- Date: January 1, 1965
- Season: 1964
- Stadium: Rose Bowl
- Location: Pasadena, California
- MVP: Mel Anthony
- Favorite: Michigan by 11
- Referee: M.E. Wagner (AAWU) (split crew: AAWU, Big Ten)
- Attendance: 100,423

United States TV coverage
- Network: NBC
- Announcers: Lindsey Nelson, Ray Scott
- Nielsen ratings: 27.4

= 1965 Rose Bowl =

American college football game

The 1965 Rose Bowl, played on January 1, 1965, was the 51st Rose Bowl Game. The
Michigan Wolverines defeated the Oregon State Beavers by a score of 34-7. Michigan fullback Mel Anthony was named the Rose Bowl Player Of The Game.

==Teams==

===Michigan===
The Wolverines had finished seventh in the Big Ten Conference the previous year, and had placed no higher than a tie for fifth under coach Bump Elliott. Michigan had not been to the Rose Bowl since 1951, but in 1964, they ran up an 8-1 conference record and clinched a Rose Bowl berth, taking a #4 ranking and an undefeated 3–0 postseason record into the game. Coach Elliott had been a receiver for the Wolverines in one of those games, the 1948 Rose Bowl, and had been an assistant coach at Oregon State under head coach Kip Taylor.

===Oregon State===
The Beavers made their third Rose Bowl appearance with a bit of controversy. Following the disbanding of the Pacific Coast Conference in 1959 due to a pay-for-play scandal, the reformed Athletic Association of Western Universities did not initially include Oregon State and Oregon. The two Oregon schools rejoined in time for the 1964 season, but the conference did not have time to reschedule a full head-to-head conference schedule. As a result, Oregon State and USC did not play each other, and when they finished with identical 3-1 conference records, the decision of which team to send to Pasadena was left to a vote among the conference's schools. At first, most people assumed Oregon State would get the nod based on their better overall record (8-2 vs. 6-3). However, when it was announced that the vote would be delayed until after USC's season ending game with top ranked and undefeated Notre Dame, many people inferred that if USC upset the Irish, they would get the nod. Indeed, USC shocked Notre Dame 20-17 so now many people assumed USC would get the Rose Bowl invitation. When the vote was taken just hours after the USC - Notre Dame game, the conferences' eight members split, four votes for both Oregon State and USC. The tiebreaker in such an instance was to eliminate the team that had more recently gone to the Rose Bowl, and Southern California had gone two years prior.

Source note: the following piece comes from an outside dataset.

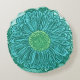 Gerbera Daisy Block Print, Turquoise en Aqua Rond Kussen
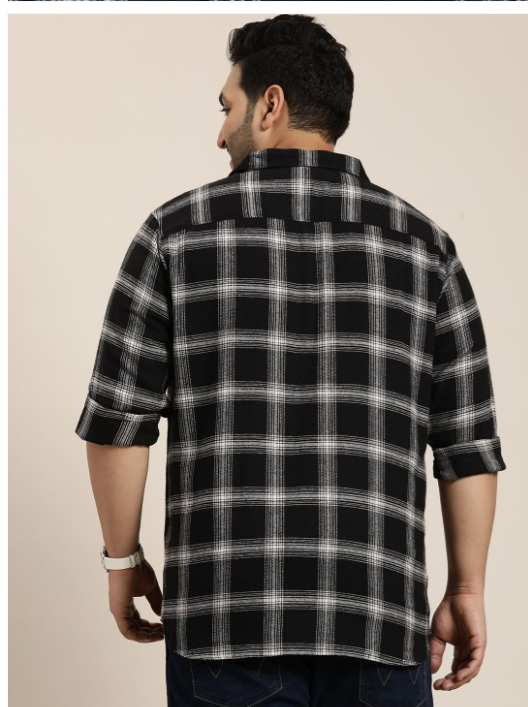 Black other checks checked opaque Casual shirt ,has a spread collar, button placket, 1 patch pocket, long regular sleeves, curved hem

This would lead to another controversy just two years later in which an 8-2 USC team that had lost to UCLA would get voted in ahead of the 9-1 Bruins. Many felt this 1966 vote was to "make up for" the 1964 vote, especially since the coach of Oregon State in 1964 was Tommy Prothro and he was then the coach of UCLA in 1966.

==Game summary==
Michigan was an 11-point favorite, but after a scoreless first quarter, it was the Beavers who struck first, with Paul Brothers completing a five-yard pass to Doug McDougal early in the second quarter, with Steve Clark kicking the extra point. The Beavers held the Wolverines for a while, but on their third possession following the Beavers' score, tailback Mel Anthony ran 84 yards, a Rose Bowl record at the time, for a touchdown. Richard Sygar's kick was no good. The Beavers' 7-6 advantage was short-lived, however, as on the very next possession, Carl Ward ran for 43 yards and a touchdown. While the conversion pass from Bob Timberlake to Ben Farabee was broken up, the Wolverines led 12-7 at the half.

The second half was all Michigan. Anthony blocked a punt and rushed for two more touchdowns in the third quarter, and quarterback Timberlake ran 24 yards for the final touchdown, making the final score 34-7. For his efforts, Anthony was named the game's Most Outstanding Player.

===Scoring===

====First quarter====
None.

====Second quarter====
- Oregon State - Doug McDougal 5 pass from Paul Brothers (Steve Clark kick)
- Michigan - Mel Anthony 84 run (Richard Sygar kick failed)
- Michigan - Carl Ward 43 run (pass failed)

====Third quarter====
- Michigan — Anthony 1 run (Bob Timberlake run)
- Michigan - Anthony 8 run (Timberlake kick)

====Fourth quarter====
- Michigan - Timberlake 24 run (Sygar kick)

==Aftermath==
With the game, Michigan ended its 14-year postseason drought, to date their longest string of seasons without a bowl game. However, it was the last bowl game Elliott would coach; he resigned following the 1968 season after a 50-14 loss to archrival Ohio State.

This was the Beavers' last bowl game appearance for 34 years, and to date, remains their last appearance in the Rose Bowl. Soon after the game, Beaver coach Tommy Prothro left Oregon State to coach UCLA, and took them to the following year's Rose Bowl, in which the Bruins defeated Michigan State.